At least it used to be vital for e.g. elements in standard containers.
Now with move semantics (c++11), things are starting to shift a bit. Will there be a rule of 5? I don't know how it will pan out in terms of 'best practices' and 'rules of thumb'.
In fact one could state a variation of the Rule of Three already: a class that defines a destructor should also define a copy/move constructor and copy/move assignment operator. AND if a copy constructor is defined, a copy assignment operator should also be defined. AND if a move constructor is defined, a move assignment operator should also be defined.
This is going to be my rule of thumb for a while, anyways.
如果您获取任何资源(例如使用 new ),您是完全正确的,但假设您不会忘记在析构函数中释放资源。创建析构函数后,三个规则就会生效,您应该定义所有三个。
但是,例如,如果您的类中只有一些使用复制语义初始化的成员变量,则不需要析构函数,并且该规则不适用。
If you aquire any resources (eg with new) you are quite right, but it is assumed that you don't forget to release the resources in the destructor. Once you created the destructor the rule of three kicks in and you should define all three.
However, if for example you only have some member variables in your class that you initialize with copy semantics you don't need the destructor and the rule doesn't apply.
定义非默认构造函数并不自动意味着您需要析构函数等 - 您可能只是使用该构造函数来方便填充 POD 类型。
也就是说,这同样适用于默认构造函数。
基本上,“你需要三巨头吗?”当类将管理资源时触发。您可能仍然不需要默认构造函数,但您确实需要一个构造函数来设置有效的初始状态。
新构造的状态可能还不拥有该资源的实例,但如果它不拥有,那么它必须知道它不拥有(例如,有一个空指针)。
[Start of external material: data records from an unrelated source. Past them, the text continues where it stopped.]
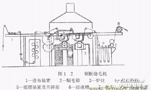 燒毛方法有兩種,即燃氣燒毛與赤熱金屬表面燒毛。前者利用可燃性氣體燃燒直接燃去織物表面絨毛;后者為間接燒毛,即將金屬板或圓筒燒至赤熱,再引導織物擦過金屬表面燒去絨毛。與這兩種方法相應的燒毛設備,有氣體燒毛機(無接觸式燒毛)、銅板燒毛機和圓筒燒毛機。氣體燒毛機操作方便,適應性廣,目前各廠普遍采用氣體燒毛機。銅板及圓筒燒毛機勞動強度高,工作條件差,除燈芯絨廠尚在使用外,已應用上多。見圖l-1、圖1-2。
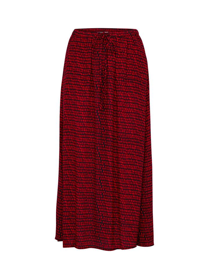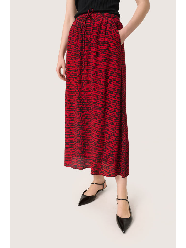 Юбка миди прямого силуэта, с эластичным поясом на завязке и нежным узором по всей поверхности. Боковые карманы обеспечивают повседневный комфорт.
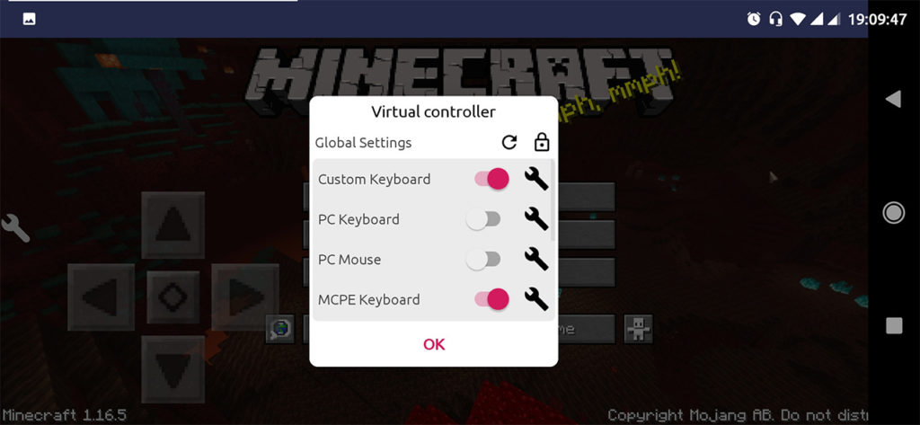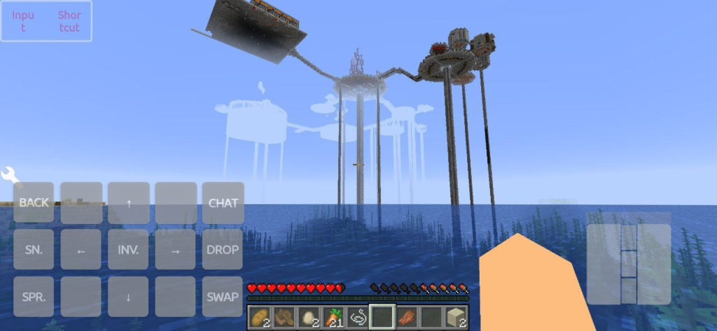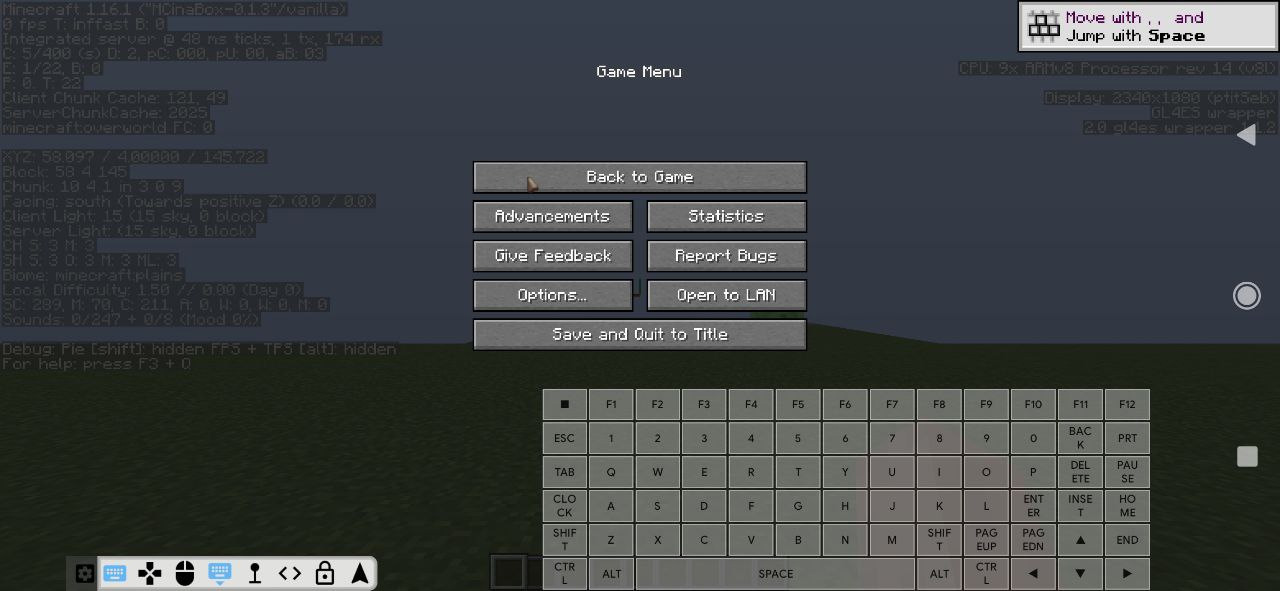 Клавиатура на пол-экрана выглядит, конечно, уродливо, но лишь потому, что я спешил проверить работу мира и не стал делать свою клавиатуру, хотя MCinaBox имеет свой отличный редактор клавиатуры!
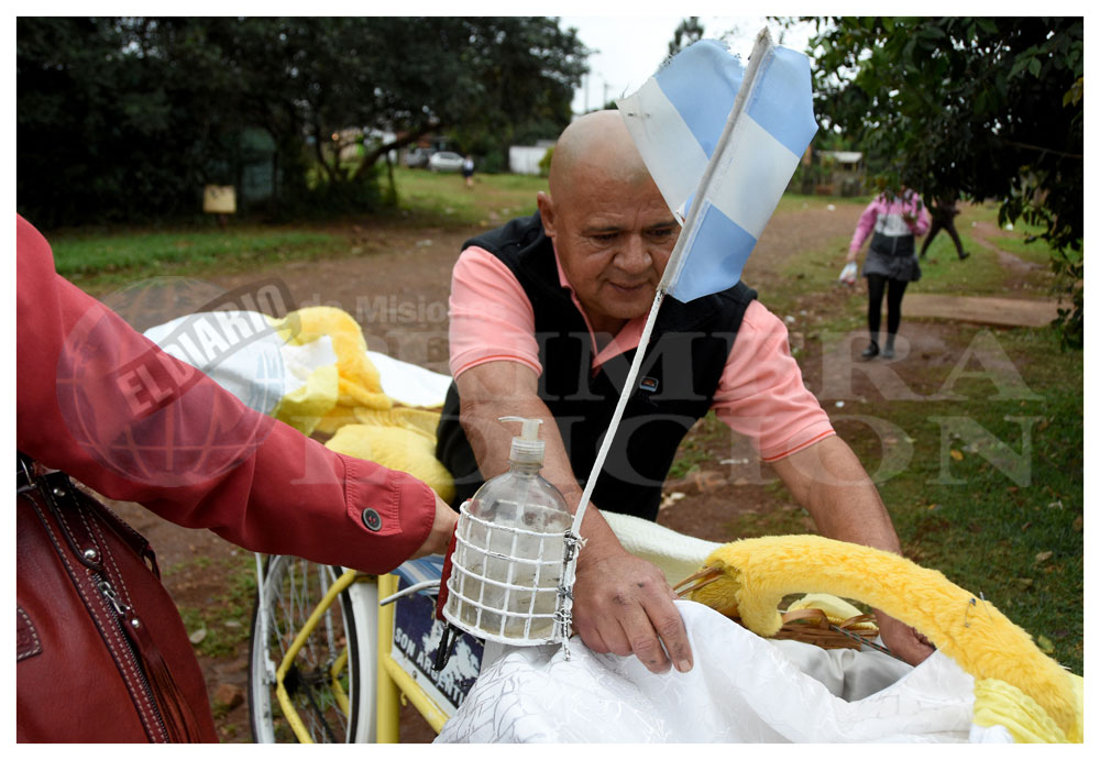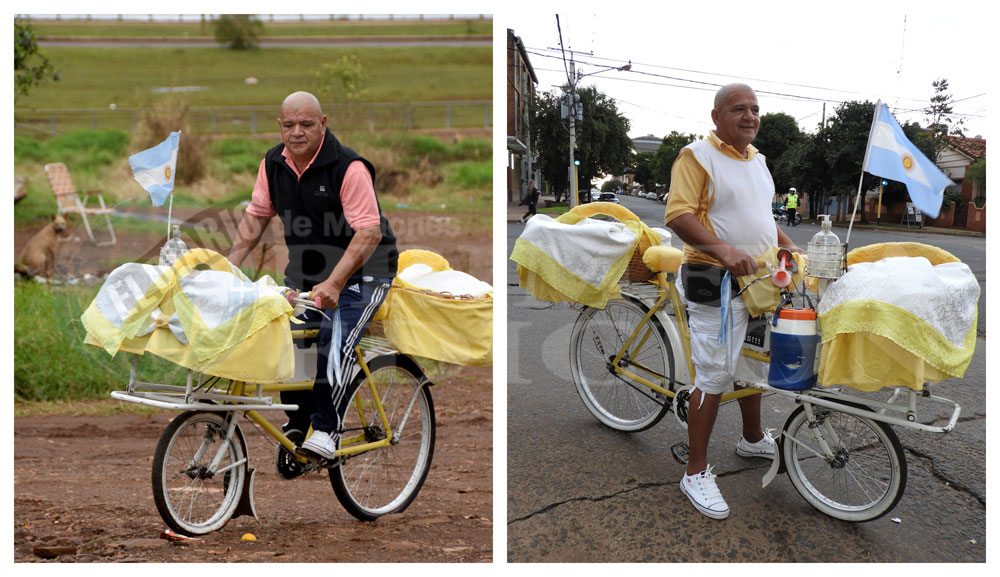Zamudio confió que siempre buscó ser diferente. Por eso decidió pintar su bicicleta de amarillo y blanco, y junto a su esposa, Rosa Franco, pensó en decorar los canastos. Y realmente se nota la diferencia. El rodado tiene un soporte donde el vendedor ubica el alcohol en gel y una toallita que utiliza a la hora de higienizar las manos. “Eso le gustó mucho a la gente que en la calle me para, me felicita, toma fotos”, dijo. Agregó que le contaron que “a la entrada a Buenos Aires hay un cartel donde está mi foto, haciendo propaganda de la chipa de Misiones. Una persona me pasó una imagen. Si bien tengo mucha curiosidad de ir a verlo, las obligaciones no me permiten porque con la venta estoy de lunes a lunes, a partir de las 4”.
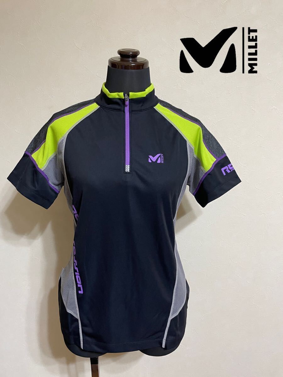 > 【未使用品】 MILLET ミレー アウトドア レディース 切替し ロックパフォーマンス ハーフジップ プルオーバー ウェア サイズ90 (S)半袖
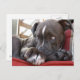 Cute photo of a pitbull puppy is featured on this postcard. A great way to keep in touch with family and friends!
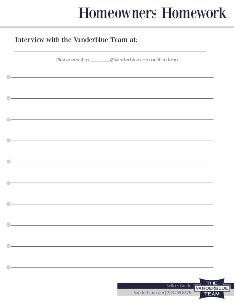 Homeowners Homework Interview with the Vanderblue Team at: . Please email to @Vanderblue.com or fill in form . . . . . . . . . Seller’s Guide Vanderblue.com | 203.259.8326
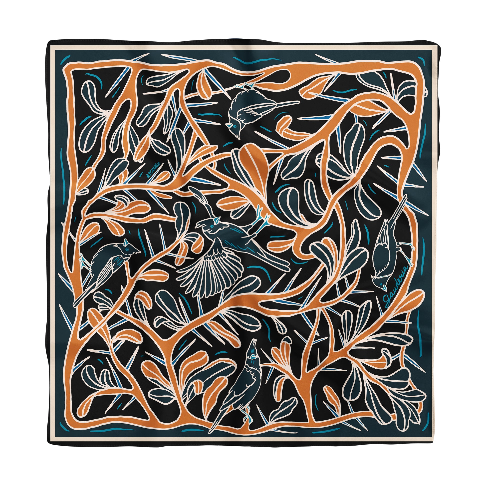 Foulard illustrated by the artist Serrana del Castillo Lussich where cardinals rest in a coronilla tree in Uruguay, finished with a hand-made roulette.
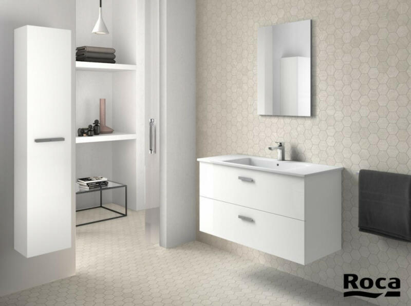 Roca Unik Victoria-N alsószekrény mosdóval 100 cm magasfényű fehér A855851806 Méret: 100,5x46x56,5 cm 2 fékezett záródású fiók Kerámia mosdó, csaplyukkal túlfolyóval Opcionálisan rendelhető: bútorláb, törölközőtartó Csaptelep és leeresztő nél
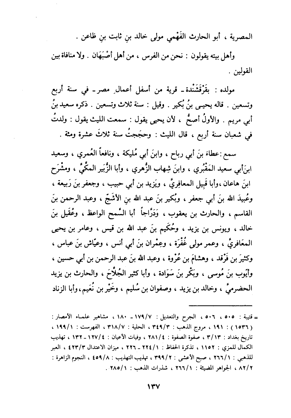 المِصْرِيَّةِ، أَبُو الحَارِثِ الفَهْمِيُّ، مَوْلَى خَالِدِ بنِ ثَابِتِ بنِ ظَاعِنٍ.
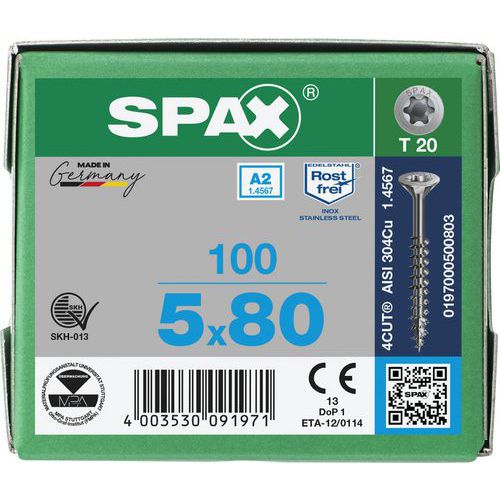 Boite de vis universelles pour extérieur à tête fraisée TX Ø - Spax
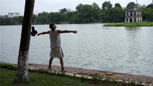 Tập thể dục ở Hồ Gươm trong tiết trời mát mẻ. Ảnh: Lê Anh Dũng
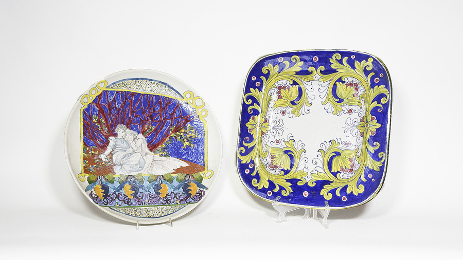 DUE PIATTI DA PARATA IN TERRACOTTA SMALTATA uno quadrato Deruta dipinto con...
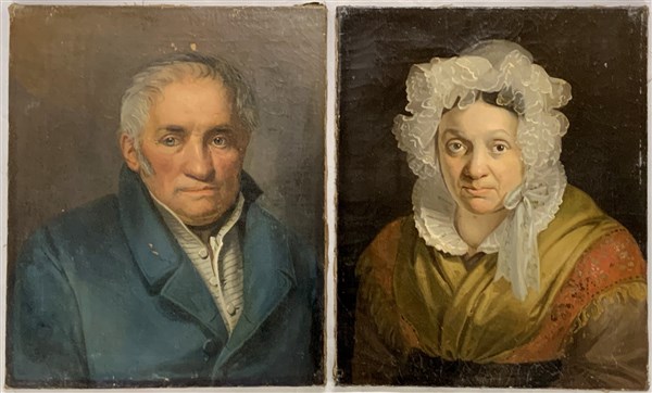 Coppia di dipinti ad olio su tela raffiguranti "Ritratto maschile" datato 1831 e firmato al retro e "Ritratto femminile" datato 1833 e firmato al retro (cm 50x41)
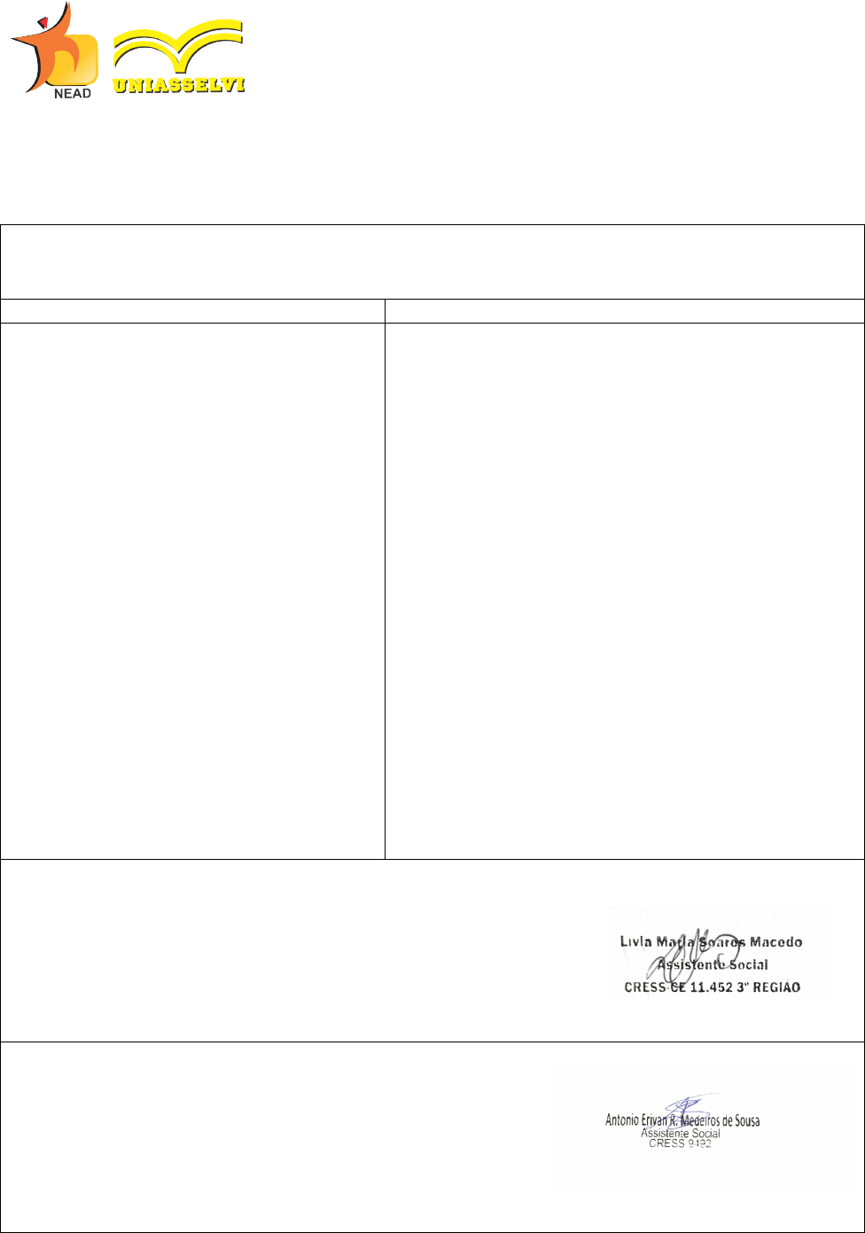 DIÁRIO DE CAMPO ESTÁGIO III Diário de Campo n°5 Campo de estágio: CENTRO DE REFERÊNCIA DA ASSISTÊNCIA SOCIAL (CRAS II DAMIÃO JORGE NETO) Tutora/Orientadora pedagógica Local:ANTÔNIO ERIVAN RODRIGUES MEDEIROS DE SOUSA CRESS Nº: 9492/ CE Região: 3° Supervisora de Campo: LIVIA MARIA SOARES MACÊDO CRESS Nº: 11452/ CE Região: 3° Estagiária:SABRINE RODRIGUES DE MORAES Matrícula: 2543909 Atividade: Requerimento de benefício eventual auxílio passagem. Data: 17/10/2022 Horas: 4 horas ATIVIDADES/AÇÕES REALIZADAS ANÁLISE CRÍTICA DA ATIVIDADE 1) O que foi feito? Requerimento de benefício eventual auxílio passagem. Reflexão, análise e fundamentação teórica Considerando que a oferta de Benefícios Eventuais deve ocorrer, preferencialmente, no contexto do trabalho social com famílias, a concessão deve ser pautada pela escuta qualificada, verificação do atendimento de critérios definidos em lei e registro em instrumental já adotado pelos serviços, tais como Prontuário SUAS, relatório estruturado, formulário de cadastro, entre outros. (MDS, 2018, p.39). Referências: BRASIL. Ministério do Desenvolvimento Social. Benefícios Eventuais no SUAS: Orientações técnicas. Brasília, 2018 OBSERVAÇÃO DO SUPERVISOR: _____________________________ Supervisor de Campo OBSERVAÇÃO DO TUTOR ORIENTADOR LOCAL: _______________________________ Professor-Tutor Externo/Orientador pedagógico Local
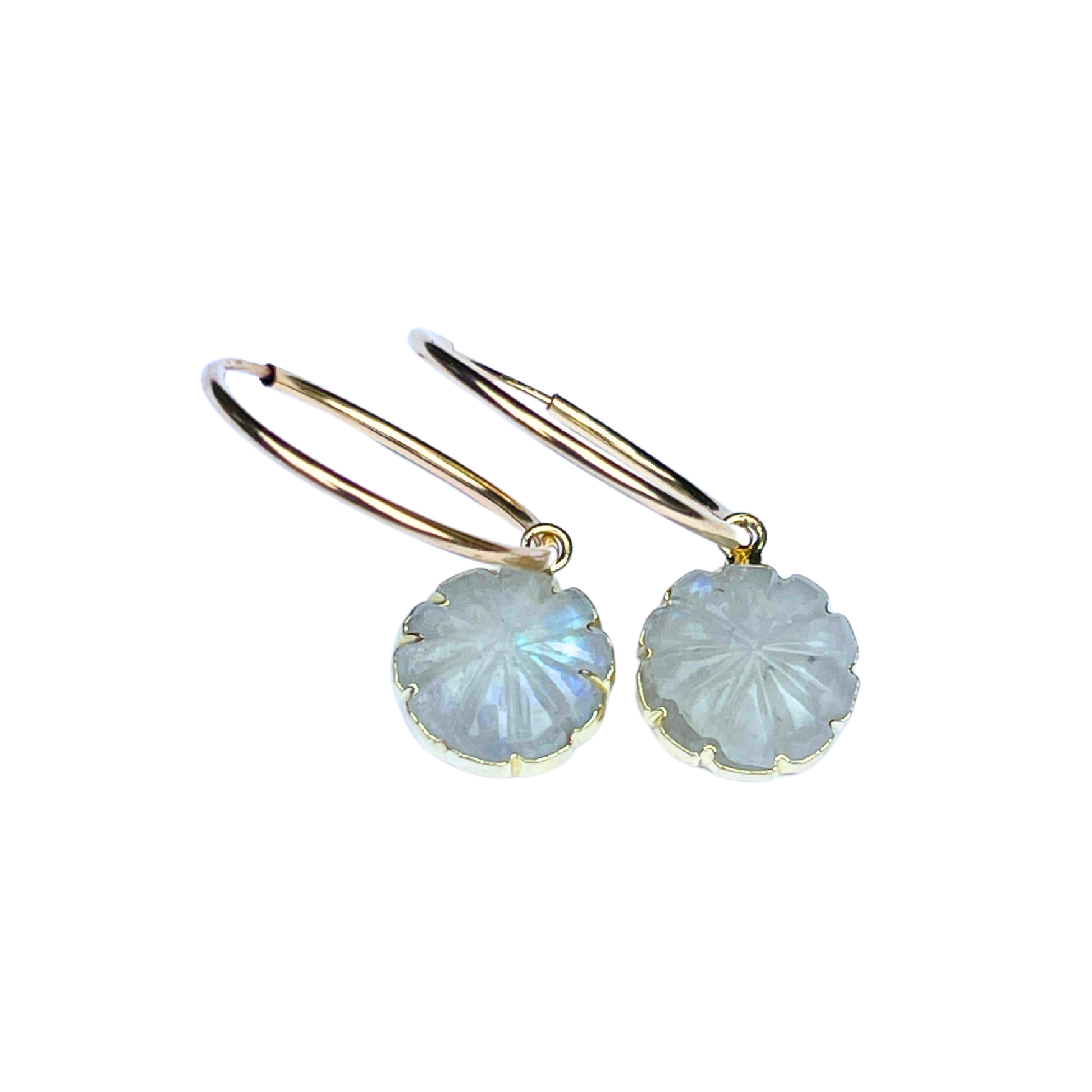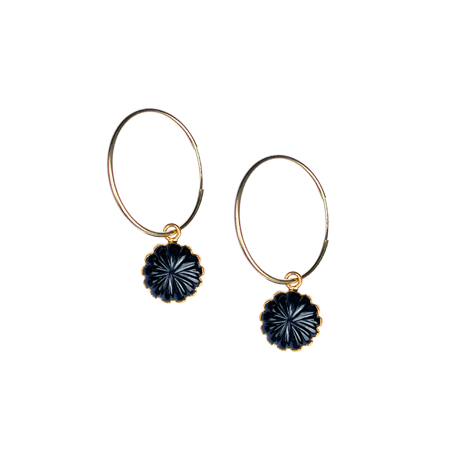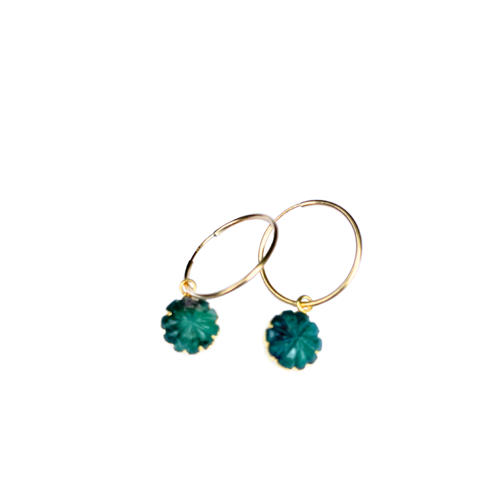 These 14kt gold fill Bloom Hoop Earrings add a touch of cheerful energy to your look. The earrings boast a lovely gemstone flower charm that hangs gracefully from the gold fill hoop, available in a variety of stone options.
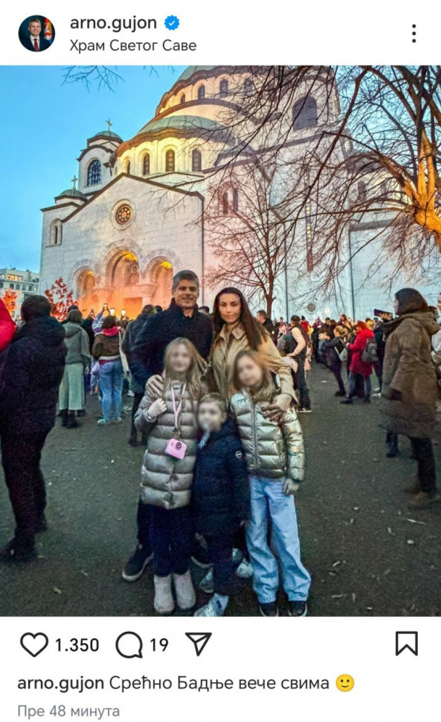 Gujon se oglasio i na svom Instagram profilu. On je objavio fotografiju na kojoj je sa suprugom i decom ispred Hrama Svetog Save. Ujedno je svim vernicima pravoslavne veroispovesti čestitao Badnji dan.
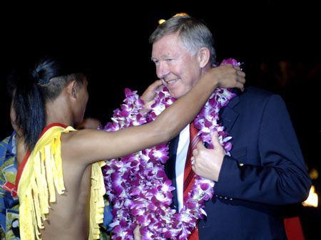 Manchester United coach Alex Ferguson is presented with a welcome wreath as he arrives at the hotel in Guangzhou, South China's Guangdong Province, July 25, 2007. Manchester United will play against a local soccer team on July 27 as part of their Asian tour. [Xinhua]

然而,在很多情况下,三巨头也被隐含地使用。例如,临时变量是默认构造的。您需要非默认构造函数的原因之一就是阻止提供和使用隐式默认构造函数。
因此,同时定义所有三个的原因之一是确保您的代码(包括编译器隐式提供的代码)保持健全。
几乎总是,如果您管理资源,您将有一个默认构造函数,这就是规则提到这一点的原因 - 但只要您定义某种构造函数,就应该没问题。
Defining a non-default constructor doesn't automatically mean you need a destructor etc - you may just be using that constructor as a convenience to fill in a POD type.
That said, the same applies to default constructors.
Basically, the "do you need the big three?" is triggered when the class will manage a resource. You still might not need a default constructor, but you do need a constructor to set up a valid initial state.
That newly-constructed state may not own an instance of the resource yet, but if it doesn't, then it must know that it doesn't (e.g. have a null pointer).
However, the big three are also used implicitly in a lot of cases. Temporaries, for example, are default-constructed. One reason you would need a non-default constructor is simply to block the implicit default constructor from being provided and used.
So one reason to define all three at once is to ensure that your code (including that provided implicitly by the compiler) remains sane.
Almost always, if you're managing a resource, you will have a default constructor, so that's why the rule mentions that - but so long as you define some kind of constructor, you should be OK.